• **PROVIDED MATERIAL**:
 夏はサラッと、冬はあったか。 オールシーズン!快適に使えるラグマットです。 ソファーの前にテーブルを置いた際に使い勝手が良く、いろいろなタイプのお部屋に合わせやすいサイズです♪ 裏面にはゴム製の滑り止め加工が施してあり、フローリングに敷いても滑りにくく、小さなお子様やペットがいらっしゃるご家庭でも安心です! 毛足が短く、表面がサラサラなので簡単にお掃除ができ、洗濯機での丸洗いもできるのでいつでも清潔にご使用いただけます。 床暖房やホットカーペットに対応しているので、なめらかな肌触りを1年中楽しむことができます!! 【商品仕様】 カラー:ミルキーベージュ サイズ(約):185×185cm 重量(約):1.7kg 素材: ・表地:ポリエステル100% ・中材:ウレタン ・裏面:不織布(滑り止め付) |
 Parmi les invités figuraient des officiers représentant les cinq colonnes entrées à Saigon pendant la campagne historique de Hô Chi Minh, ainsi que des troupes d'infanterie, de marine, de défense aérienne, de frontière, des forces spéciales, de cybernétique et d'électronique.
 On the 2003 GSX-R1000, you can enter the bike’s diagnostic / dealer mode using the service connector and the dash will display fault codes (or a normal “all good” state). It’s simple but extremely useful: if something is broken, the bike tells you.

...

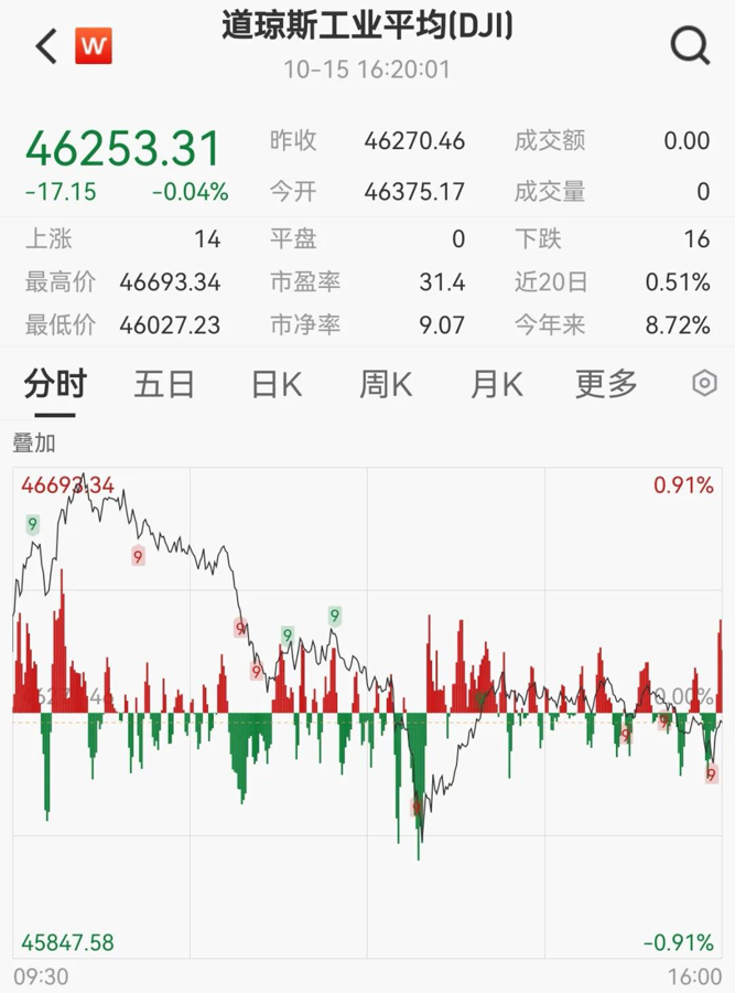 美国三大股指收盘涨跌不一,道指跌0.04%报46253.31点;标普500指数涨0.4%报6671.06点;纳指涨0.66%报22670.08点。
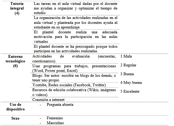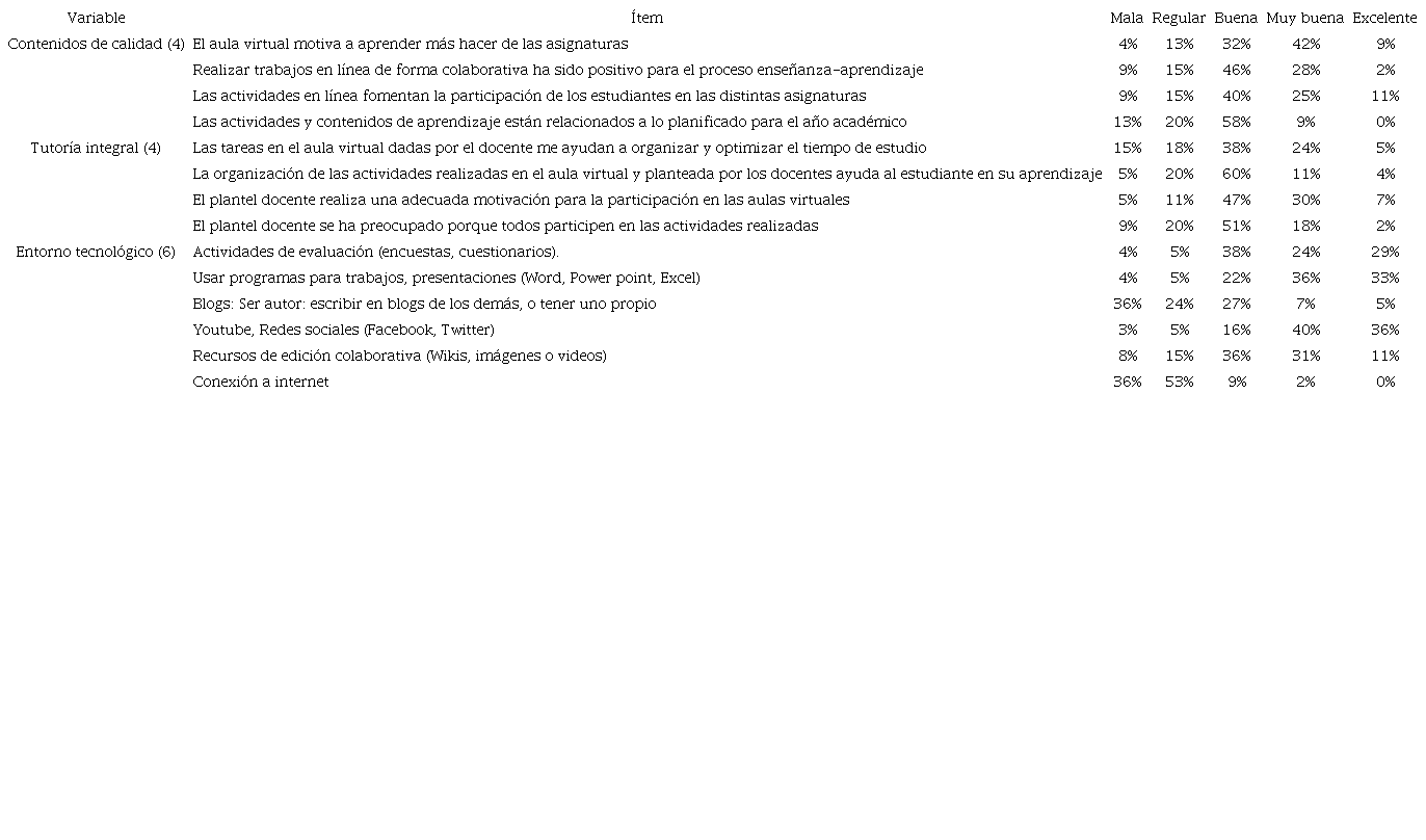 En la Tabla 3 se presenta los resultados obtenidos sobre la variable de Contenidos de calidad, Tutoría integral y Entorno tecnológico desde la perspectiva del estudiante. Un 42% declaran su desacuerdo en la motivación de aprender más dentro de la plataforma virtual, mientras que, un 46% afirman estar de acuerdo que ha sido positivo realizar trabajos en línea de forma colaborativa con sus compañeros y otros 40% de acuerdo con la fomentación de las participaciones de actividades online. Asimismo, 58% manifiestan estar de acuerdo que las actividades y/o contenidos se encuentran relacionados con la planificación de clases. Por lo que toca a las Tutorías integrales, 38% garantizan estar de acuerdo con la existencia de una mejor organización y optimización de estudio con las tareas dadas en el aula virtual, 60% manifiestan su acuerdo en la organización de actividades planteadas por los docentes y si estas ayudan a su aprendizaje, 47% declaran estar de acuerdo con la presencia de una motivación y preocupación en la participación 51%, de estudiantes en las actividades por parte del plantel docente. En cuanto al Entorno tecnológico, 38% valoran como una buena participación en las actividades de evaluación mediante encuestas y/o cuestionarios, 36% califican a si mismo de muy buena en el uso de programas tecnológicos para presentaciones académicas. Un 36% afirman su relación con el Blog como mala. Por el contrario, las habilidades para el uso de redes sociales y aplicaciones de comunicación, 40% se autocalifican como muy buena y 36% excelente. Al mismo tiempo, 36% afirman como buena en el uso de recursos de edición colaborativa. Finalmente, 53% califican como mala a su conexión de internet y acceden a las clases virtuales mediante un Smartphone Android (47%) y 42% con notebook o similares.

• **WHAT THIS TASK INVOLVES**:
Going down the listing above, begin printing at the line with "素材: ・表地:ポリエステル100% ・中材:ウレタン ・裏面:不織布(滑り止め付) |" and finish with the line with "On the 2003", exactly as they appear.

• **RESPONSE**:
 夏はサラッと、冬はあったか。 オールシーズン!快適に使えるラグマットです。 ソファーの前にテーブルを置いた際に使い勝手が良く、いろいろなタイプのお部屋に合わせやすいサイズです♪ 裏面にはゴム製の滑り止め加工が施してあり、フローリングに敷いても滑りにくく、小さなお子様やペットがいらっしゃるご家庭でも安心です! 毛足が短く、表面がサラサラなので簡単にお掃除ができ、洗濯機での丸洗いもできるのでいつでも清潔にご使用いただけます。 床暖房やホットカーペットに対応しているので、なめらかな肌触りを1年中楽しむことができます!! 【商品仕様】 カラー:ミルキーベージュ サイズ(約):185×185cm 重量(約):1.7kg 素材: ・表地:ポリエステル100% ・中材:ウレタン ・裏面:不織布(滑り止め付) |
 Parmi les invités figuraient des officiers représentant les cinq colonnes entrées à Saigon pendant la campagne historique de Hô Chi Minh, ainsi que des troupes d'infanterie, de marine, de défense aérienne, de frontière, des forces spéciales, de cybernétique et d'électronique.
 On the 2003 GSX-R1000, you can enter the bike’s diagnostic / dealer mode using the service connector and the dash will display fault codes (or a normal “all good” state). It’s simple but extremely useful: if something is broken, the bike tells you.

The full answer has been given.